In an age where much of the developed world is online 24/7, it doesn’t take long for a new menu sensation to spread like wildfire around the globe.

And perhaps the best case in point for this phenomenon is the now very famous cronut: a hybrid of two long-held consumer favourites, the croissant and the donut. 

Developed by Dominique Ansel at his New York bakery in May 2013, the innovative snack attracted not only long queues of customers, but media attention on a worldwide scale as pastry enthusiasts fell over themselves to express their desire in trying one.

It became one of the most virally talked about foods of the year, with Time magazine naming it as one of 2013’s top 25 innovations.

And although Ansel went on to trademark the name “cronut”, it hasn’t stopped other bakeries attempting to create their own varieties of this popular hybrid pastry. Versions of the buttery, cream-filled delicacy have popped up in cafes and bakeries all over the world, with variations on the cronut theme still emerging three years later.

For example, London’s Rinkoffs Bakery made headlines earlier this year when it launched a Crème Egg “cronut” for Easter. It also gained traction on social media as users enthused about this chocolate egg version of the treat.

That particular dessert’s creator, Jennifer Rinkoff, told Time she wanted to create something special for what is a busy season for bakeries.
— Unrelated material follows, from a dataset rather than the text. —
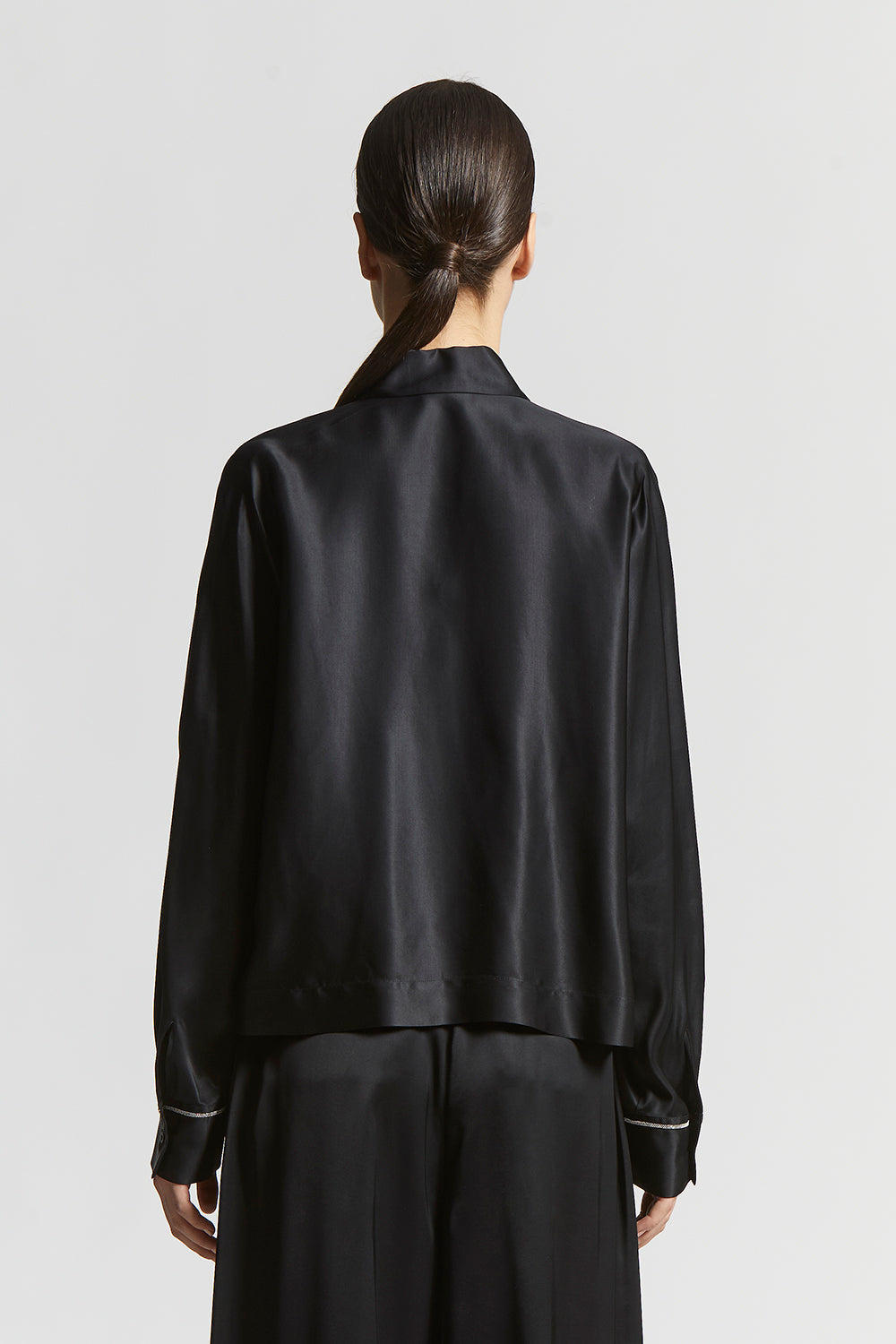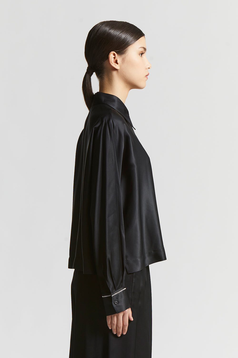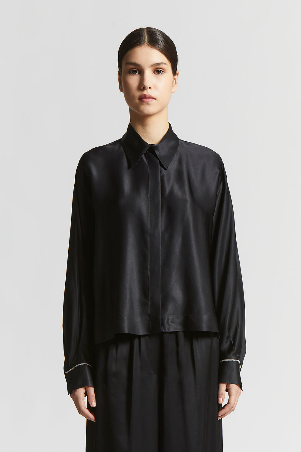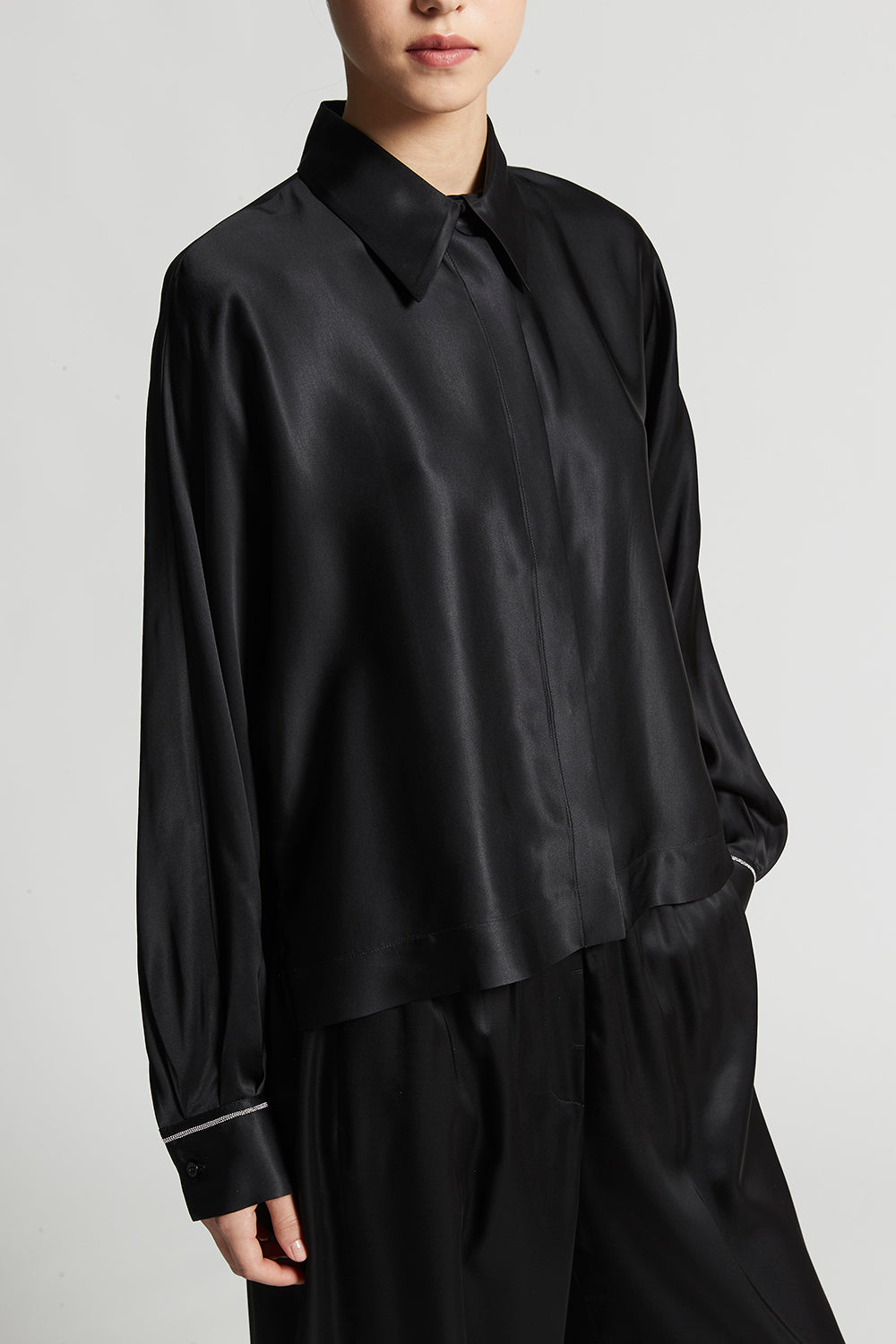 Peserico – Viscose satin shirt with kimono sleeves – Black

“We did them last year because Easter is such a popular season for us, and I wanted to do something that wasn’t a hot cross bun — something really visual and gimmicky.”

Meanwhile, the original cronut creation is still going strong for Ansel.

He opened a bakery in Tokyo last year, launching a cronut flavoured with Hokkaido milk honey and Yuzu lemon curd, and this year announced plans to open his first London bakery. And the New York home of the cronut still rolls out a new flavour each month.

But the cronut isn’t the only dairy-based snack to sweep the masses.

The Hokkaido Cake, developed by Fonterra as a chef-led solution in Malaysia, also enjoyed widespread popularity throughout Asia in 2013, as news of its pillowy, cream-filled indulgence spread online.

The chiffon cupcakes, baked in square cups, and filled with cream or custard remain popular to this day. 

And with dessert connoisseurs eager to try the next novelty indulgence and social media users keen to spread the word about them, these hybrid-style, dairy-based snacks remain a trend worth capitalising on.